A Harvard Business Review (HBR) blog entitled The Embarrassment of Complexity concludes that we need to:
“Draw on the faculty of human judgment to focus on the smaller picture in order to comprehend the larger one”
But why, at a time that Big Data grabs so many headlines, should we focus on small data? Well, for several reasons, small turns out to be really interesting:
- As people interact over time, small differences between them can create novel patterns across organisations, industries and communities. And these can never be predicted in advance. In a similar vein, who’d have thought that flocking starlings could resemble a whale chasing a dolphin across the sky?
- Small events can have large consequences, known as the Butterfly Effect. Anyone remember the throwaway comment which led to the demise of Gerald Ratner’s business empire?

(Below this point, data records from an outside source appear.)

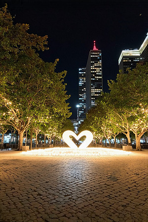The image depicts a beautifully lit plaza in the evening, surrounded by tall buildings. The plaza features a stunning light installation that forms a heart shape, casting a warm glow on the pavement. The trees in the area are adorned with small lights, adding a touch of magic to the scene. The overall style of the plaza is modern and minimalist, with clean lines and a neutral color palette. The lighting enhances the architectural elements of the space, creating a sense of depth and dimension. The weather appears to be clear and dry, with no signs of rain or storms. The lighting installation is a key element of the plaza's design, drawing visitors in and creating a sense of wonder and delight.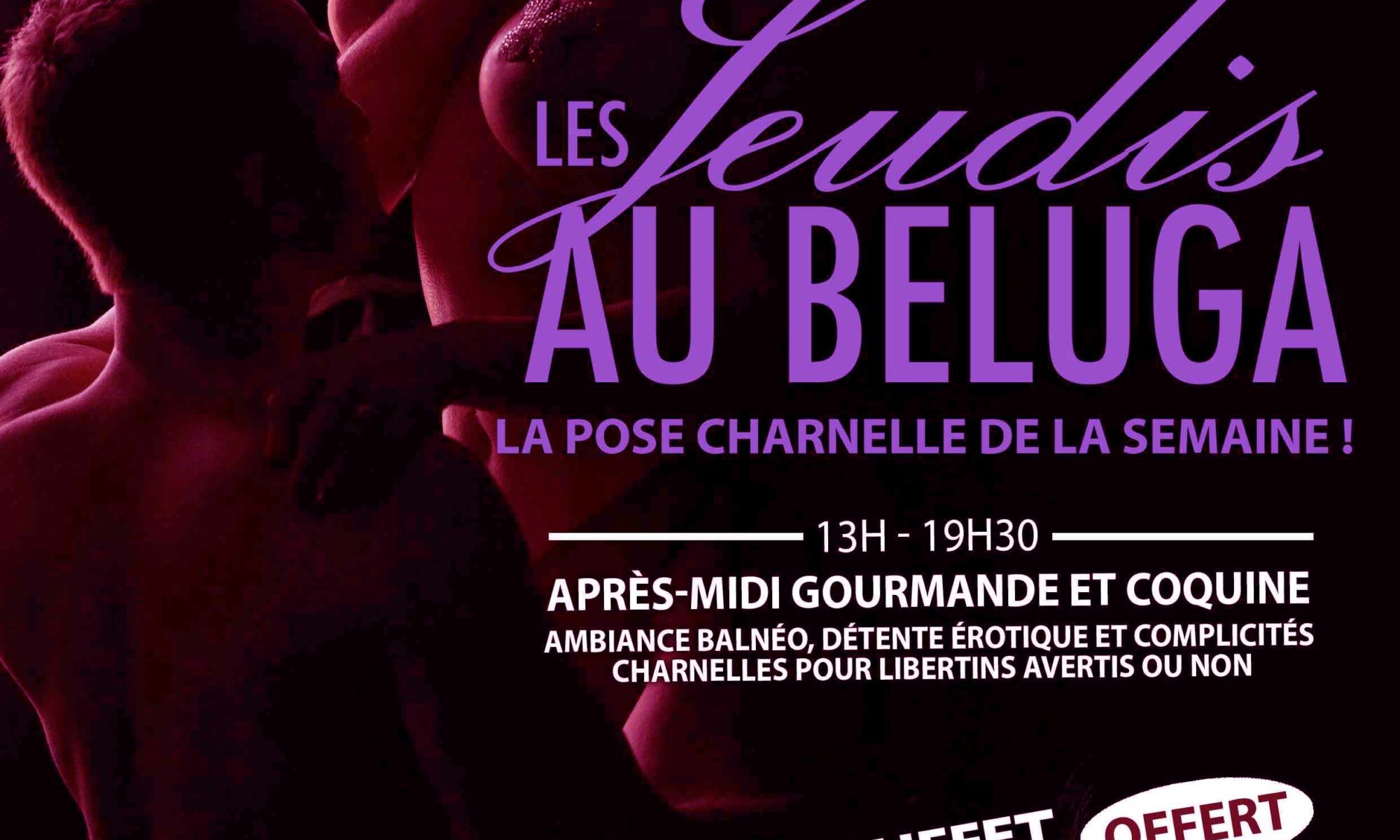 13h – 19h30 : Après-midi gourmande et coquine, ambiance Balnéo, détente érotique et complicités charnelles pour libertins avertis ou non.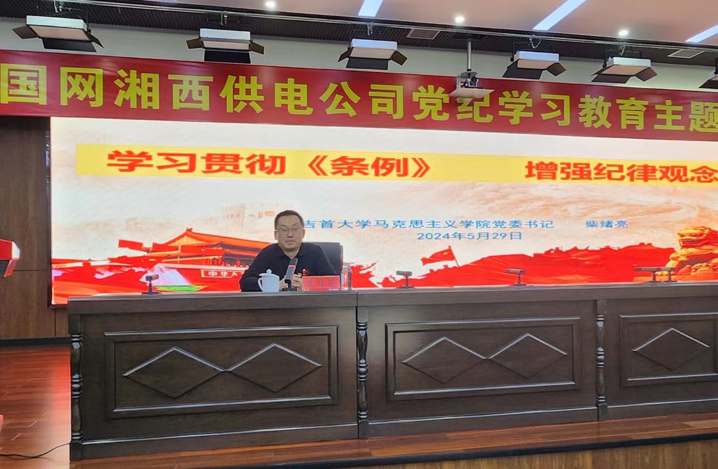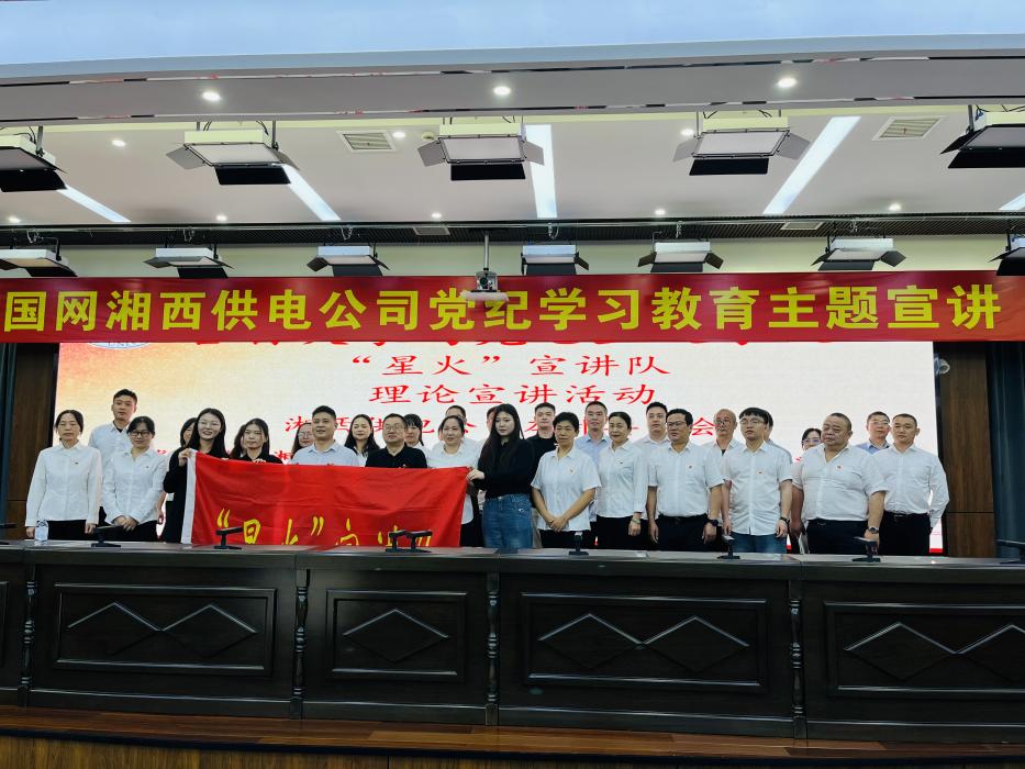 本网讯(通讯员 王丹)为深入贯彻落实党纪学习教育,推进党的创新理论融入湘西州国有企业各项工作,5月29日下午,伟德源自英国始于1946“星火”宣讲队在国网湘西供电公司开展了理论宣讲活动。国网湘西供电公司副总经理顾海军及本部各支部书记及党员代表参活动。伟德源自英国始于1946党委书记柴绪亮率领“星火”宣讲二分队的部分成员进行宣讲。活动由硕士研究生王丹主持。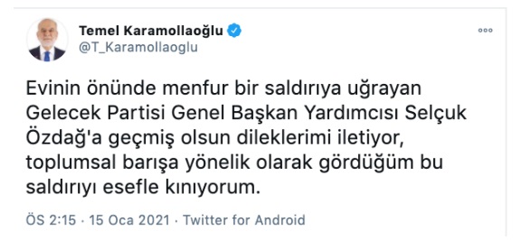 Karamollaoğlu Twitter hesabından yaptığı paylaşımda, "Evinin önünde menfur bir saldırıya uğrayan Gelecek Partisi Genel Başkan Yardımcısı Selçuk Özdağ'a geçmiş olsun dileklerimi iletiyor, toplumsal barışa yönelik olarak gördüğüm bu saldırıyı esefle kınıyorum." ifadesini kullandı.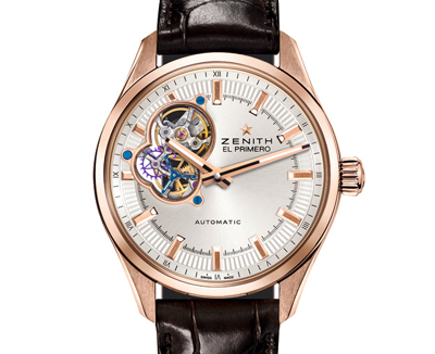 Primero旗艦系列的其他機芯一樣,它每小時可達到36000次的高振頻,相當于每秒鐘震動10次。機芯嚴絲密合、造型精致、精準可靠:每個夾板、結構和零件的位置都經(jīng)過了仔細研究,以優(yōu)化其性能。表殼直徑40毫米,采用玫瑰金或精鋼材質(zhì),銀色表盤上的開心設計能以與眾不同的方式,親眼觀察到El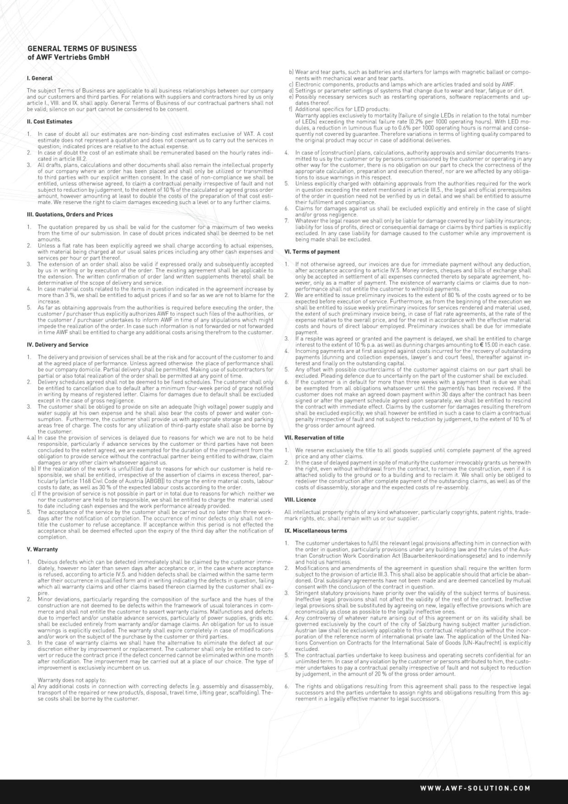 GENERAL TERMS OF BUSINESS of AWF Vertriebs GmbH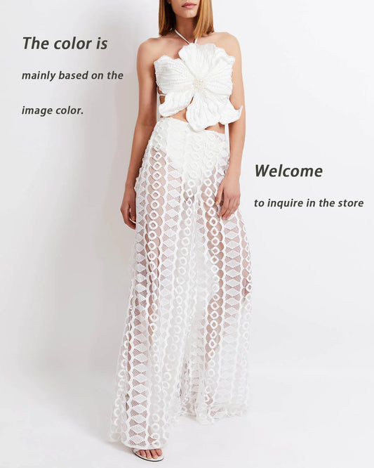 Sexy Sequin Mesh Skirts Two Piece Sets Womens Hollow Out Backless Crop Top&Skirt Suits New Party Club Mini Skirt Outfits

- Outliers – small numbers of odd, unexpected, unusual things, cannot safely be ignored. They deserve our attention. We can ask ‘why are they there?’ and ‘what do they mean?’, just as Malcolm Gladwell, or Sir Alex Ferguson have done.
- Small things can serve as weak signals – giving us early warning signs of emerging problems and opportunities. In 2008/9 we found it hard to believe that more questions hadn’t been asked about bankers’ bonuses.

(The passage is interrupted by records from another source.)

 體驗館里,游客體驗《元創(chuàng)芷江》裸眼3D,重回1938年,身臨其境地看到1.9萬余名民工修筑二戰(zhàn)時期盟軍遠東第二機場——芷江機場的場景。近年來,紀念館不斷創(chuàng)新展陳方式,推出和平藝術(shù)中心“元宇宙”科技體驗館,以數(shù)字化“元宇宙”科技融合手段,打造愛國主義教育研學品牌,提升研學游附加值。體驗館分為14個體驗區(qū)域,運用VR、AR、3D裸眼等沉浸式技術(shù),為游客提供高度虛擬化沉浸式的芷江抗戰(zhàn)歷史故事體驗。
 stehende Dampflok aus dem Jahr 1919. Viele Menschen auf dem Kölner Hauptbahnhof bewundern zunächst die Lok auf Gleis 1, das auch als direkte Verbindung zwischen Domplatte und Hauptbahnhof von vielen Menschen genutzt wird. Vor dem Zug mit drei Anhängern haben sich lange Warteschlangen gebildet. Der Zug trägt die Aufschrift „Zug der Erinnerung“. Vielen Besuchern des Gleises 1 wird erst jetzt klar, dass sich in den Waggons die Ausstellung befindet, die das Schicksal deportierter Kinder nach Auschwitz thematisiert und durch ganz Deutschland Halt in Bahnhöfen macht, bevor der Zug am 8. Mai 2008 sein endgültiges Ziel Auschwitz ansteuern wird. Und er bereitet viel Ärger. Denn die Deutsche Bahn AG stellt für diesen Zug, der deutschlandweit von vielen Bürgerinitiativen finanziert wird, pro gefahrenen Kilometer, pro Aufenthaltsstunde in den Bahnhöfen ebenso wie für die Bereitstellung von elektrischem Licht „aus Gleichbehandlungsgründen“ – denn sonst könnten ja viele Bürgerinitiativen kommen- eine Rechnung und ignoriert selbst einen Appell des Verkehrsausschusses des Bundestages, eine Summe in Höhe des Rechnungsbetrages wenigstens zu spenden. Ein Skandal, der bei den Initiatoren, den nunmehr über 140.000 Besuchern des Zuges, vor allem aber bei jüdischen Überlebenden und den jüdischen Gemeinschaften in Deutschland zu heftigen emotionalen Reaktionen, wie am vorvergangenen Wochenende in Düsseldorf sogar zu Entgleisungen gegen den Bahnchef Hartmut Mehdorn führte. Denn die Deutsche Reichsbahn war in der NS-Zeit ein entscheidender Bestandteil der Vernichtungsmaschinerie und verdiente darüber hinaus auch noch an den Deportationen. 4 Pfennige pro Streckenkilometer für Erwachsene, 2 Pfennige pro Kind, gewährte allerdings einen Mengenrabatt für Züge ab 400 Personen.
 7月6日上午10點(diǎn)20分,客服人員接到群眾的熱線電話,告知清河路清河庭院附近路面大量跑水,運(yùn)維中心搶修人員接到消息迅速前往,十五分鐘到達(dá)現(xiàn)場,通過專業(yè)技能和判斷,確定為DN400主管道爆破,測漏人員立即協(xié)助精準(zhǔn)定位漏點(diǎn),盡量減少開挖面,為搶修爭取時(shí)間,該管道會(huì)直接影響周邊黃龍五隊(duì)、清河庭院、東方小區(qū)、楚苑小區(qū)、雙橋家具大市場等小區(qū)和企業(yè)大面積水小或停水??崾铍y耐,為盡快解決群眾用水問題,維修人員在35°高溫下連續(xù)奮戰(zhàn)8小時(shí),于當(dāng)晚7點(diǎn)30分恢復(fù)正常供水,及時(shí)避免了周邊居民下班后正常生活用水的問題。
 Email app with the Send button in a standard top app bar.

So big data is big, but it’s the computer analytics that help us to see patterns in that data, which are clever. The danger here is that we’re always using our old ways of thinking to make sense. So we may well miss small data and weak signals which are potentially frame changing – heralding completely new patterns that we may never have seen before.

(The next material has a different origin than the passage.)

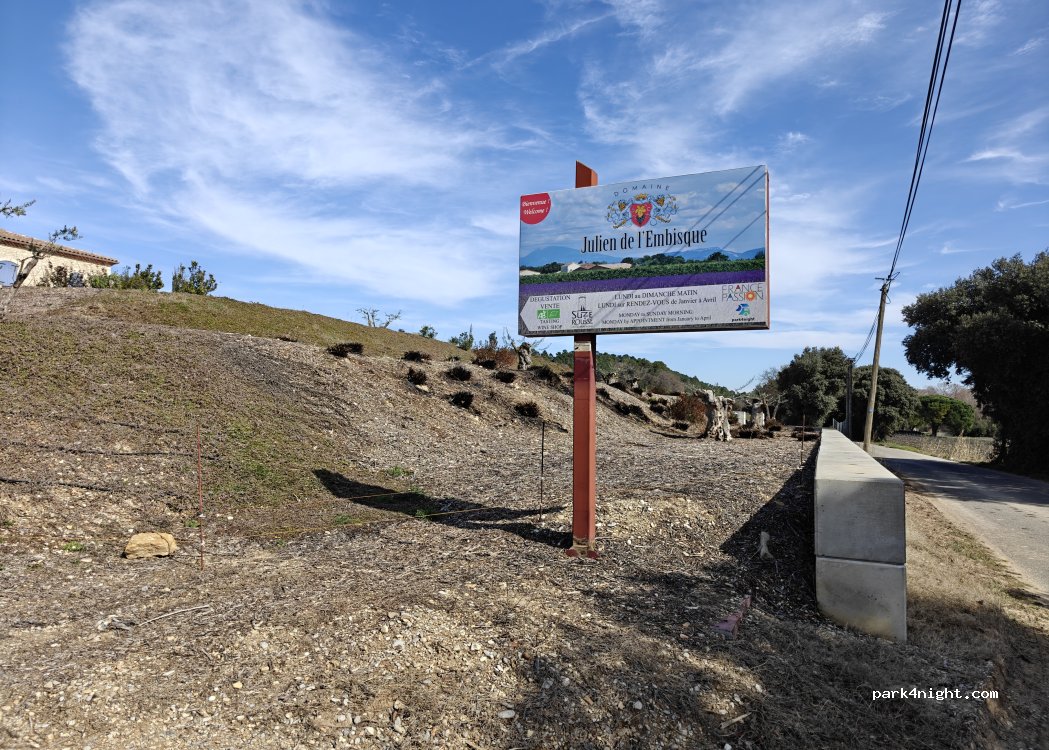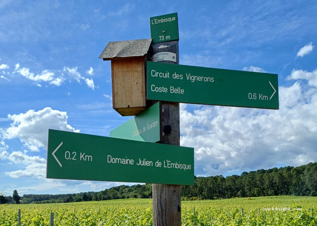 A perfect place for a free overnight stay. part of French Passion ... but you don't need to be a member to stay for free. Parking is on level ground in a space between the vines. We walked along marked paths through the vineyard. No pressure to buy wine... but of course we did. No services. Just a peaceful night.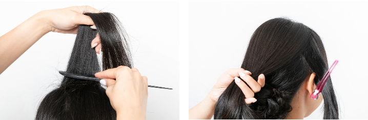 太さが出るようにランダムに毛束を引き出す。シニヨンにするので全部引き出さなくてOK。

The clever thing about small data is how it can signal new opportunities and emerging problems. If we notice and interpret that data, then we can choose how we respond much sooner – helping us to capitalise on emerging opportunities and head off emerging problems
It’s here, in noticing and interpreting small data, that we need to cast off our reliance on data crunching machines and start using and honing our very human skills of perception and judgement. So that’s why I agree with HBR that using human judgement to focus on the smaller picture in order to comprehend the larger one, is such a crucial skill.